** Opening Raw data block **

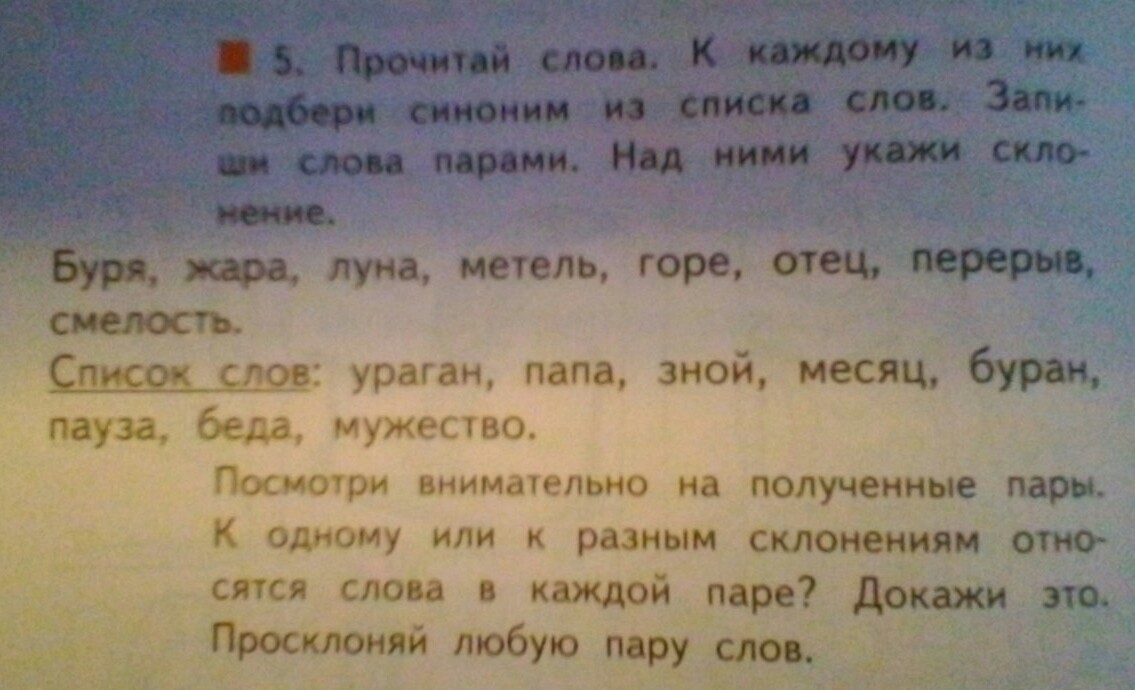 В каждой паре слова относятся к разным склонениям, например: Метель - это сущ. ж.р. 3 скл., а буран - это сущ. м.р. 2 скл..
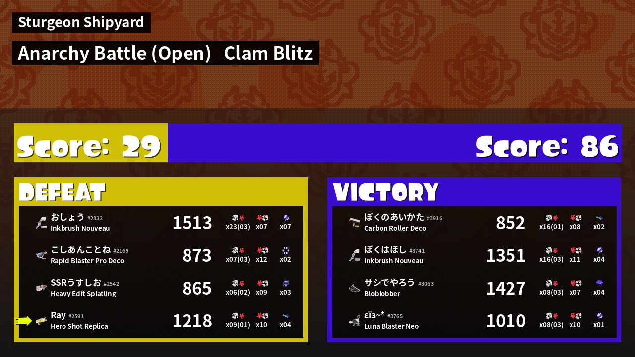 | Mode | Clam Blitz - Anarchy Battle (Open) | ||
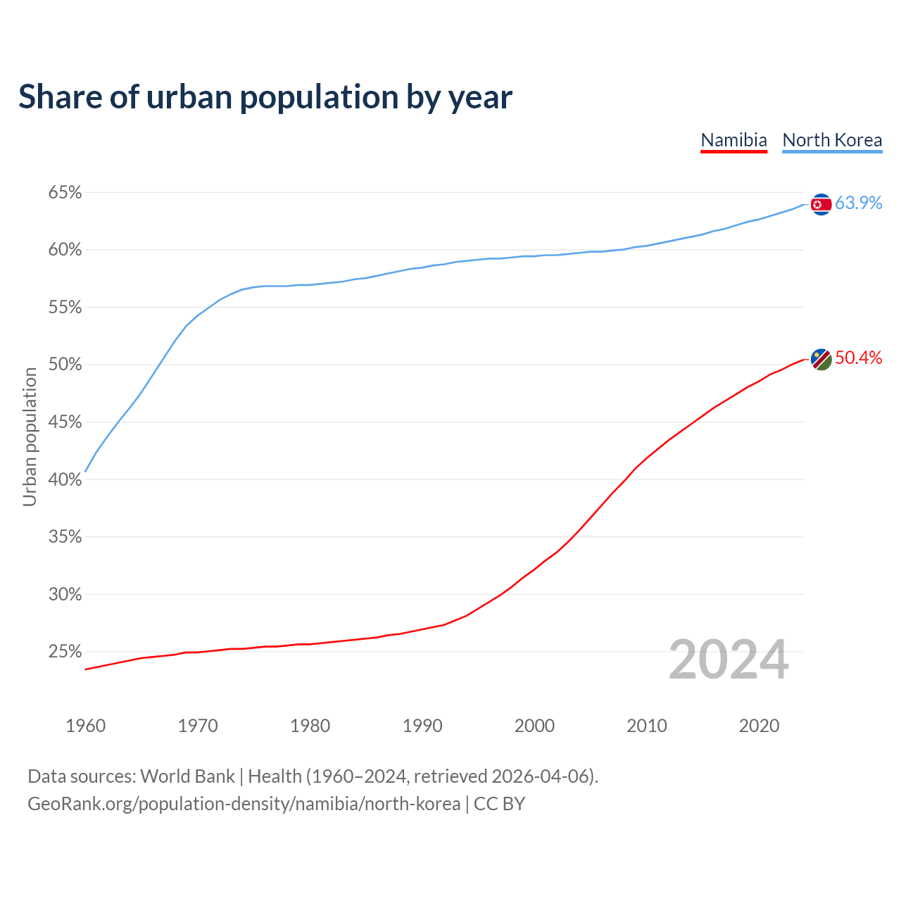 From 2004 to 2024, the share of urban population changed from 35.5% to 50.4% in Namibia and from 59.7% to 63.9% in North Korea.

** Closing Raw data block **

▶ What to do
Every line above is to be returned exactly, with its pictures removed.

▶ Task solution
 В каждой паре слова относятся к разным склонениям, например: Метель - это сущ. ж.р. 3 скл., а буран - это сущ. м.р. 2 скл..
 | Mode | Clam Blitz - Anarchy Battle (Open) | ||
 From 2004 to 2024, the share of urban population changed from 35.5% to 50.4% in Namibia and from 59.7% to 63.9% in North Korea.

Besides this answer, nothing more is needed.